West and other Alaska geologists say they need more seismometers to do their jobs.

“A seismometer is actually a dumb device,” West said. “All it does, it measures how the earth right there vibrates. It doesn’t tell you about the earthquake over there or how big it was. That process relies on having measurements over here over here over here.”

West is getting help from the EarthScope program and $40 million from the federal government. Over the next few years, they will install more than 200 of the most advanced seismometers across Alaska.  IRIS, or the Incorporated Research Institutions for Seismology is in charge of the project. They’ve already installed seismometers across the Lower 48. There is a station every 40 square miles. Thanks to a grant from the National Science Foundations, they’re bringing that program to Alaska. Eventually, they will put a seismic monitoring station every 50 square miles. That’s more than 200 devices in some of the toughest terrain on earth.

“These are the worst conditions you’re gonna find and so if the drillers can do it here, they can do it in the field,” said engineer Mike Lundgren.
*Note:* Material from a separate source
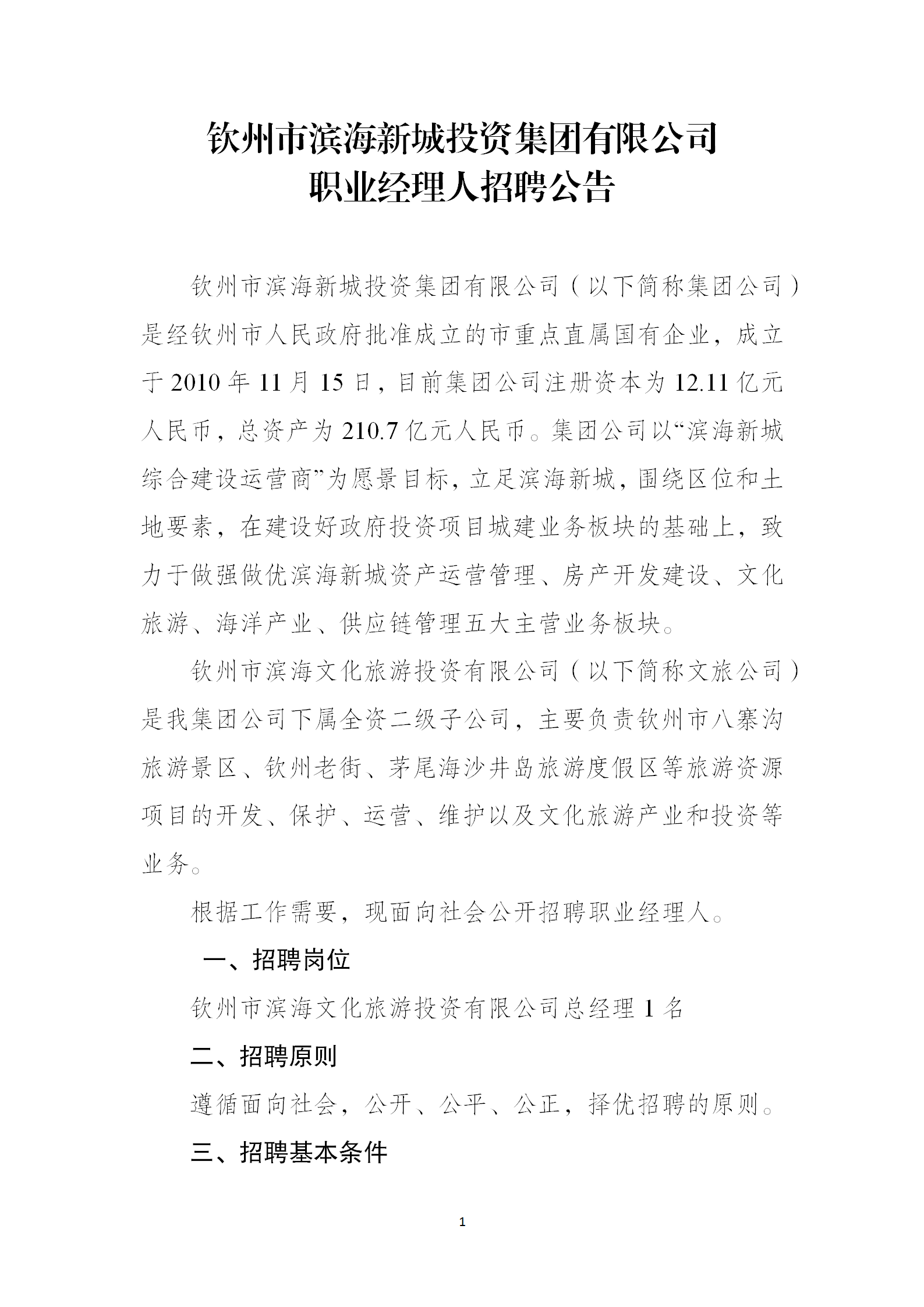 欽州市濱海新城投資集團(tuán)有限公司職業(yè)經(jīng)理人招聘公告

Lundgren had to build the drill for Alaska by hand, using parts from all sorts of different drills. Normally, it takes a 25,000-pound drill to get through Alaska’s rock bed. The problem is, the drills in the EarthScope program have to travel to the state’s most remote locations and in order to do that, they fly by helicopter.

“When I first came onboard I was not sure we could do it but here we are. It’s been the most challenging thing I’ve ever done,” said Lundgren, whose drill is one-tenth the size and could be ten times the challenge to operate. “It’s like flying ultra light experimental aircraft. You have to make up for the deficiency of the machine and the weakness of the machine by using a tremendous amount of feel and intuition and finesse.”

Lundgren flew up to Alaska to help train the drillers, who will install the seismic monitors nine feet in the ground. In late April, they practiced at rock quarry in Chugiak.

“They’re struggling,” Lundgren laughed as he watched them struggle though different approaches. “It tests the patience of a driller. They’ve gone through a few.”

Turns out rock was flying apart in big chips that got caught in the drill. The drillers pondered a new technique, and wished they had more equipment.

“It’s good troubleshooting, it’s good to see what the rigs capable of doing,” said driller Elliot Wilson.

In the end, Wilson and his partner used water to solve the problem and drilled deep enough for the seismic monitor. West said their efforts will eventually produce a map that could save lives.

“Over the course of years, thousands of thousands of little earthquakes paint in fault lines we didn’t know existed,” West said. “They paint in geologic processes we didn’t know were there. It’s the only way to track earthquakes with decent accuracy over the course of years.”

West said the network of stations scattered across some of the most remote places in Alaska will eventually give tsunami warnings for coastal communities, more reliable information about which locations in Alaska could produce major earthquakes, and faster and more efficient permitting for buildings.

“It sounds like I’m exaggerating but I’m not,” he said. “This is a once-in-a-generation sort of change. This is a complete and utter game changing event in the way we monitor earthquakes and natural hazards in Alaska.”